Use a `txid` produced by `axiomatic_proofkit` or the Node ProofKit on the same network.

---

## Response model

`verify_tx` always returns a dict. Typical shapes:

### Valid p1

```json
{
  "txid": "...",
  "verified": true,
  "mode": "p1",
  "reason": null,
  "note_sha256": "...",
  "rebuilt_sha256": "...",
  "confirmed_round": 57318625,
  "explorer_url": "https://testnet.explorer.perawallet.app/tx/...",
  "note": {
    "s": "p1",
    "a": "re:EUR",
    "mv": "v2",
    "mh": "",
    "ih": "...",
    "v": 550000.0,
    "u": [520000.0, 580000.0],
    "ts": 1762609210
  }
}
```

### Stale / out-of-window p1

```json
{
  "txid": "...",
  "verified": false,
  "mode": "p1",
  "reason": "ts_out_of_window",
  "note_sha256": "...",
  "rebuilt_sha256": "...",
  "explorer_url": "..."
}
```

Meaning: the attestation is structurally and cryptographically correct, but `ts` is outside the allowed time window (`max_skew_past_sec` / `max_skew_future_sec`).
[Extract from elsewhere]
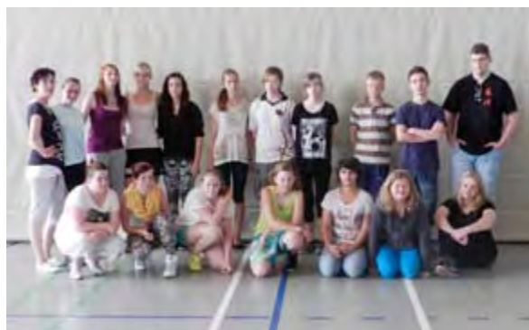
Mode im Wandel der Zeit

### Unsupported / missing note

```json
{
  "txid": "...",
  "verified": false,
  "mode": "unknown",
  "reason": "unsupported_or_empty_note",
  "explorer_url": "..."
}
```

Legacy formats (if enabled in your version) are reported with:

```json
{
  "txid": "...",
  "verified": true,
  "mode": "legacy",
  "reason": null,
  "note": { "ref": "...", "schema_version": "..." }
}
```

---

## Canonical JSON helpers (optional)

You can use the bundled JCS/ACJ-style helpers for your own golden tests:

```python
from axiomatic_verifier import to_jcs_bytes, sha256_hex
import json

with open("p1.json", "r", encoding="utf-8") as f:
    obj = json.load(f)

b = to_jcs_bytes(obj)
print(sha256_hex(b))
```

This lets you confirm that your own tooling matches the canonicalization used on-chain.

---

## Security and policy notes

* `axiomatic_verifier` **does not** execute any business logic for you.
* Treat its output as structured signals:

  * `verified`, `reason`, `mode`,
  * hashes, timestamps, explorer/indexer links,
  * the decoded `note`.
* You are expected to layer your own risk / policy logic on top:

  * which models and asset tags are allowed,
  * which issuers (addresses) you trust,
  * how strict your time windows should be.

This is an early-access verifier: feedback and issues are very welcome.